CCOG for GS 109 Winter 2025


Course Number:
GS 109
Course Title:
Physical Science (Meteorology)
Credit Hours:
4
Lecture Hours:
30
Lecture/Lab Hours:
0
Lab Hours:
30

Course Description

Covers characteristics of our atmosphere including air pressure and winds, atmospheric moisture, large air masses, violent storms, climates, and the effect of oceans on weather. Prerequisites: GS 106 or MTH 58 or MTH 65, or any MTH course for which MTH 58 or MTH 65 is a prerequisite, and (WR 115 and RD 115) or IRW 115 or equivalent placement. Audit available.

Addendum to Course Description

The purpose of this course is to gain knowledge and appreciation of meteorology.
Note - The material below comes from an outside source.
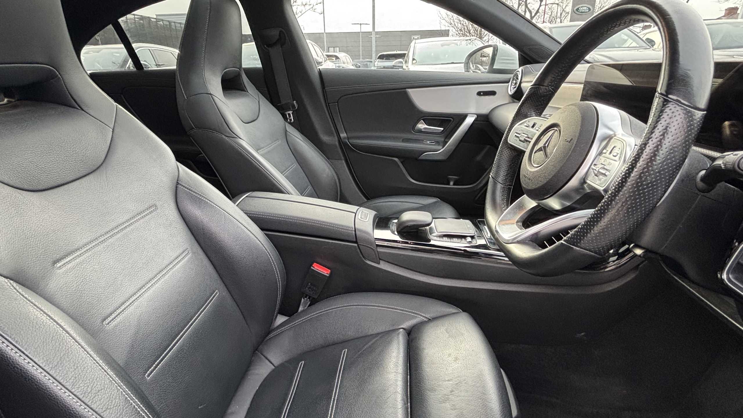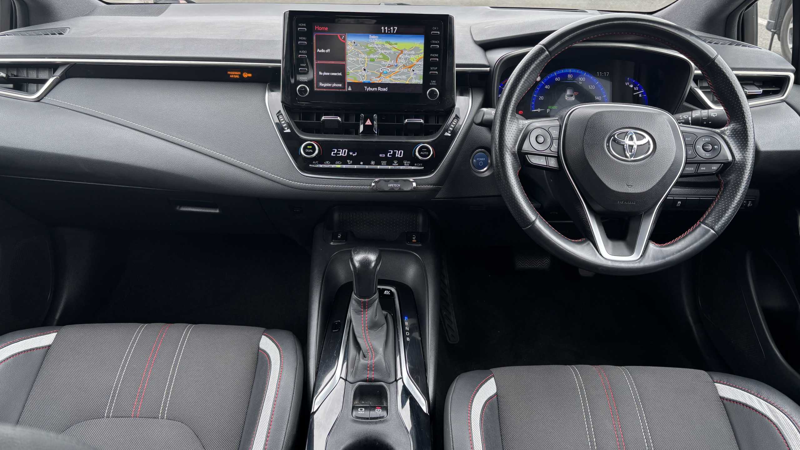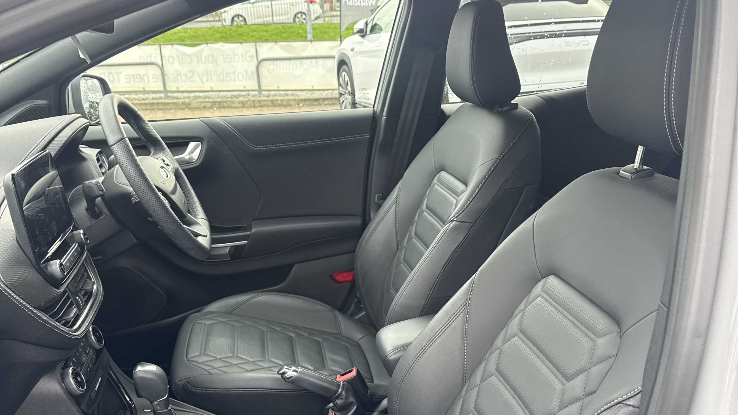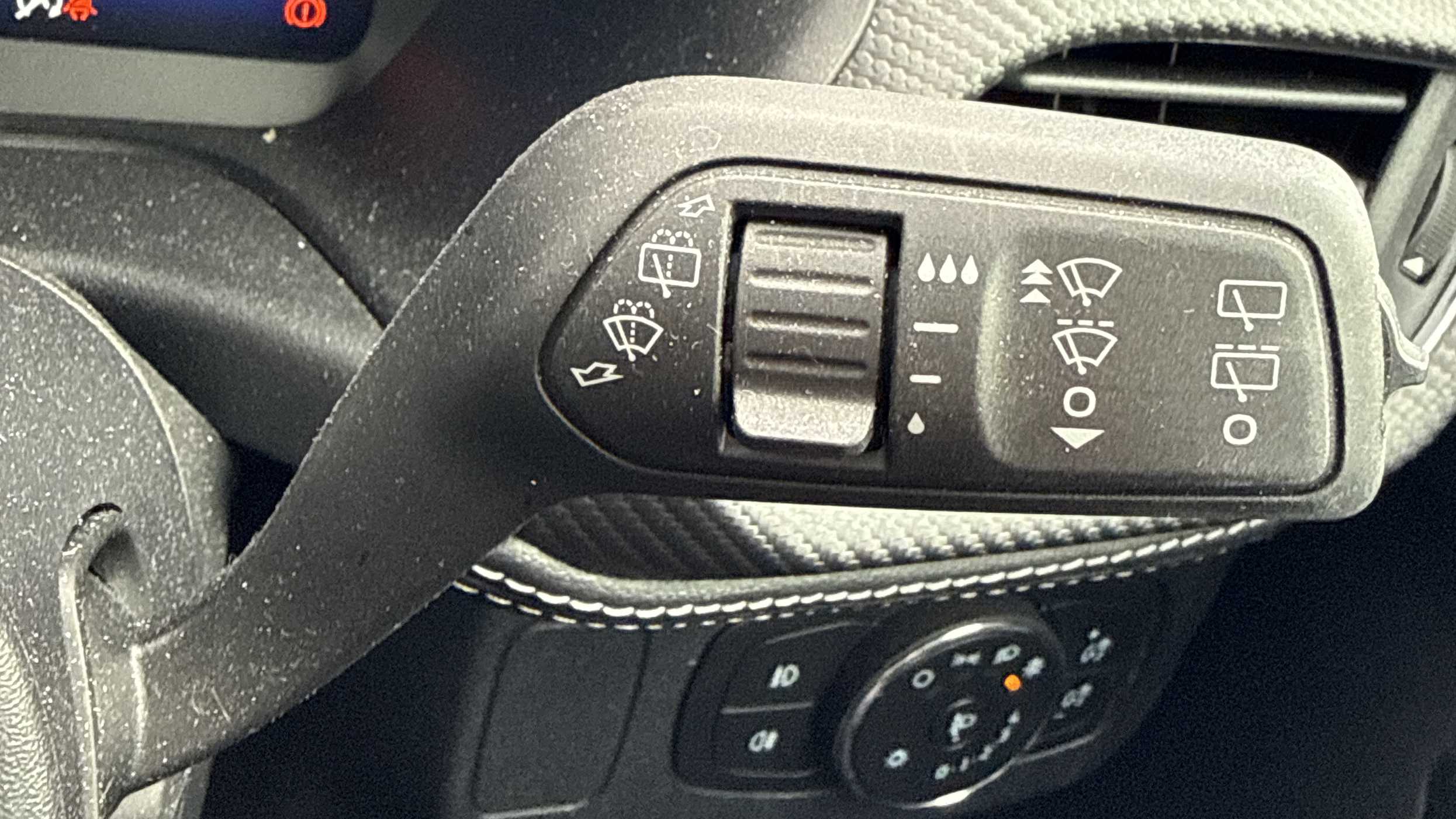 "D-cut steering wheel with red stitching",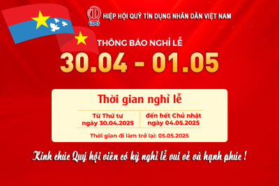 Hiệp hội QTDND Việt Nam thông báo lịch nghỉ lễ ngày Giải phóng Miền Nam và ngày Quốc tế lao động

Students are expected to be able to read and comprehend college-level science texts and perform basic mathematical operations to successfully complete this course.

Field Based Learning Statement

Earth and space sciences are based on observations, measurements and samples collected in the field. Field-based learning is recommended by numerous professional Geology organizations, including the American Geological Institute and the National Association of Geoscience Teachers. Field-based learning improves both metacognition and spatial/visualization abilities while helping to transfer basic concepts to long-term memory by engaging multiple senses at the same time. Spatial thinking is critical to success in STEM (Science, Technology, Engineering, and Math) disciplines. Field work may include:

  • 欧洲杯决赛竞猜app_欧洲杯足球网-投注|官网ing skills in site characterization
  • Application of key terms and concepts
  • Measurement and data collection
  • Interpretation of data and observations, and fitting them to a larger context

Field work may be physically challenging and may require overland travel on foot or other means to field sites, carrying equipment and supplies, and making measurements in unusual or awkward positions for a length of time.  Field work may include inherent risks (uneven terrain, variable weather, insects, environmental irritants, travel stress, etc.). Field work can be adapted to individual abilities.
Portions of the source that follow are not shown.